Injury Prevention, Training

Mental Toughness & Mindfulness: a runner’s saving grace

03.08.2019
Dan Darcy

Mindfulness – the key to achieving your goals

Mental toughness and mindfulness is redirecting your mentality and perspective. It’s how you respond when the “going gets tough” and certainly is a frame of mind that is flexed, trained, and built over time. “Mental toughness is what you do when you start to feel uncomfortable. It’s definitely a trainable skill,” according to Justin Ross, Sports Psychologist.

Where does it come from?

Use mindfulness to your advantage

Our mind creates all emotional thoughts that drive our experience in life. Our emotional thoughts can be organized with optimism or pessimism: on the pavement or trail, in the heated boardroom discussion or mid-argument in a relationship. Stepping back and noticing our emotions – the practice of mindfulness – allows us to lessen the impact those emotions have on our physical well-being.

Research indicates that mind-body therapies have the ability to lessen our relationship to and the experience of pain. According to Harvard Medical Health, methods such as deep breathing, meditation, guided imagery, yoga, and positive thought are valid training to strengthen the mind-body connection.

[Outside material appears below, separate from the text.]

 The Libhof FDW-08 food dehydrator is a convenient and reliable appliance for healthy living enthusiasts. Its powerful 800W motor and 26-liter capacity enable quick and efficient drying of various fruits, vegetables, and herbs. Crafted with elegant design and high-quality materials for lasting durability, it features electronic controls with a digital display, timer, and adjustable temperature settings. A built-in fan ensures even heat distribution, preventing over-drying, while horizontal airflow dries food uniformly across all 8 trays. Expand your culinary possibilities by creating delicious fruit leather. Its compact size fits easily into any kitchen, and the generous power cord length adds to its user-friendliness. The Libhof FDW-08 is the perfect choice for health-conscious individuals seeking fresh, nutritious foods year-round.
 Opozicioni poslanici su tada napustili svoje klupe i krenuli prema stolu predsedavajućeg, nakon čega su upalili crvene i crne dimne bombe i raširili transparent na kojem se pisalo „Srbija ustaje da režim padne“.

Barbara Frederickson, a pioneer of positive psychology, formulated that the more positive thoughts a person has the greater their resilience (like the final 4 miles of a marathon!) Through her research, she found that there is a seemingly perfect ratio of “positive to negative thought.” As humans, negative thought is bound to pop up. “There’s no way I can make it at this pace,” for example. For every negative thought, a healthy and resilient mind has three positive thoughts.

Bouncing back from negativity is a key skill. It helps us surpass the natural discomfort of training and racing.

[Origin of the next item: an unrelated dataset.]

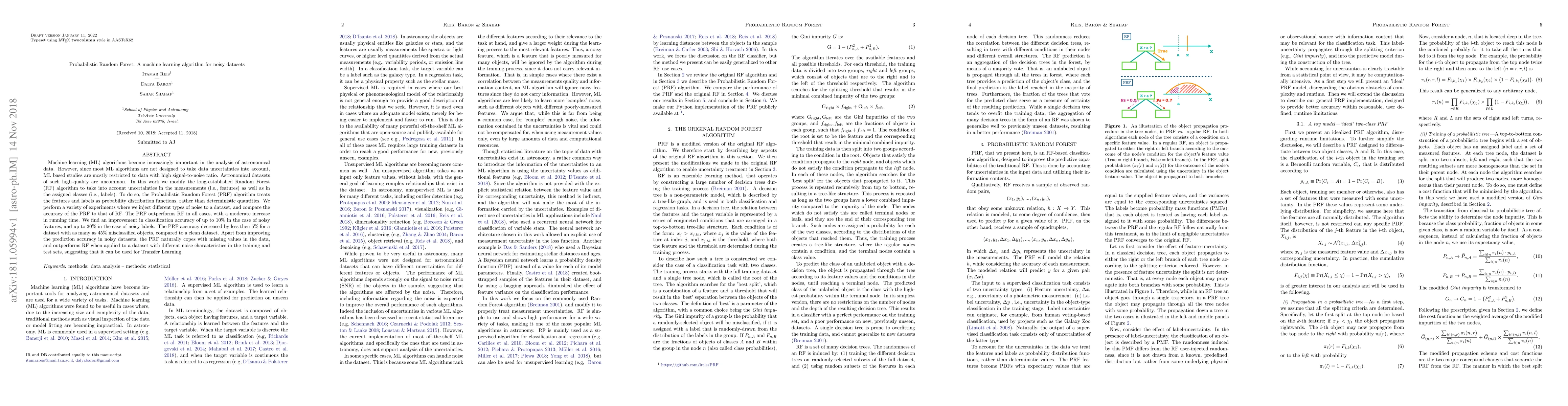 Machine learning (ML) algorithms become increasingly important in the analysis of astronomical data. However, since most ML algorithms are not designed to take data uncertainties into account, ML based studies are mostly restricted to data with high signal-to-noise ratio. Astronomical datasets of such high-quality are uncommon. In this work we modify the long-established Random Forest (RF) algorithm to take into account uncertainties in the measurements (i.e., features) as well as in the assigned classes (i.e., labels). To do so, the Probabilistic Random Forest (PRF) algorithm treats the features and labels as probability distribution functions, rather than deterministic quantities. We perform a variety of experiments where we inject different types of noise to a dataset, and compare the accuracy of the PRF to that of RF. The PRF outperforms RF in all cases, with a moderate increase in running time. We find an improvement in classification accuracy of up to 10% in the case of noisy features, and up to 30% in the case of noisy labels. The PRF accuracy decreased by less then 5% for a dataset with as many as 45% misclassified objects, compared to a clean dataset. Apart from improving the prediction accuracy in noisy datasets, the PRF naturally copes with missing values in the data, and outperforms RF when applied to a dataset with different noise characteristics in the training and test sets, suggesting that it can be used for Transfer Learning.
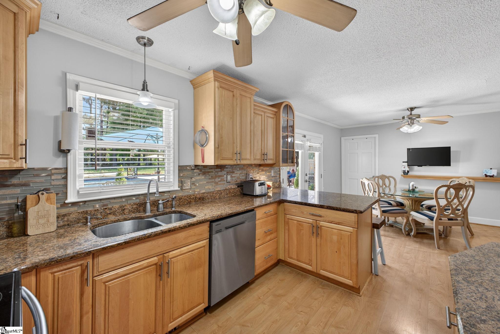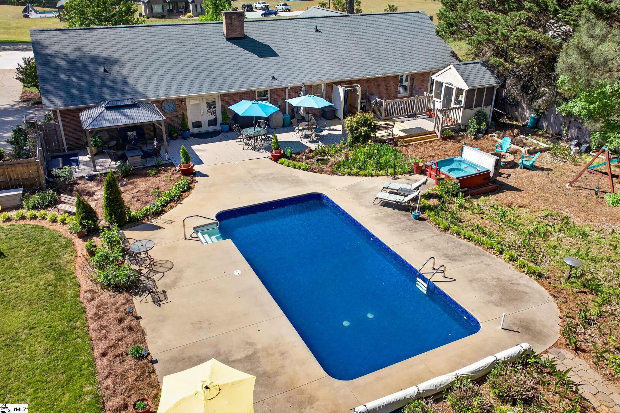 Open House 4/25/26 11-1pm & 4/26/26 2-4pm Welcome to this beautifully maintained, single-owner all-brick ranch on a stunning 1-acre lot in Piedmont, SC. From the moment you arrive, the meticulously landscaped front yard sets the tone, while the private backyard offers a true retreat with an in-ground pool, flat tree-lined lawn, lounging gazebo, and dedicated potting shed for gardening or storage. Step inside to a welcoming foyer that thoughtfully separates the main living spaces from the bedroom wing, creating a functional layout. The foyer also features a deep built-in storage closet with plenty of extra space. The living room draws you in with vaulted ceilings, exposed wood beams, and a cozy wood-burning fireplace. It flows into the traditional dining room and spacious kitchen, which is complemented by a large multipurpose room with laundry, added counter space, and shelving for storage. The opposite side of the home features four bedrooms and two full bathrooms. The primary suite is its own retreat with a jetted tub, separate shower, walk-in closet, and direct access to the back deck and pool area. Located in a peaceful, established neighborhood with quick access to Simpsonville, I-385, I-85, and just 20 minutes to Downtown Greenville and the hospital. This home offers space, comfort, and a backyard oasis that is hard to find.

Some tips on strengthening mental toughness:

  • Visualize achieving your goals. Research has shown that when neurons fire in the brain as you visualize your body moving powerfully down the final straightaway or surging past a competitor it’s “logged” as actual experience. Therefore, when you are actually on the final straightaway or about to surge, the body and brain “remember” being there.
  • Switch up your inner dialogue. When you are feeling low energy and hyper-focused on what doesn’t feel good, refocus on something positive. Instead of thinking, “Shoot, I only ran 2 miles!” reframe it to “Oh good, I only have 3 miles to go!”
  • Be present. Take in the world around you as you run through it: the trees, the other runners, the houses and the cars. Simply noticing the moment as you run through it takes you out of your head and allows your body to do what you want it to do: run.
  • Train your mind. Take a cold shower and, yes, enjoy it. Justin Ross, Sports Psychologist suggests that practicing mental toughness by stepping into a cold shower with open arms and a positive attitude can then train the mind for the discomfort of a hard run or difficult race.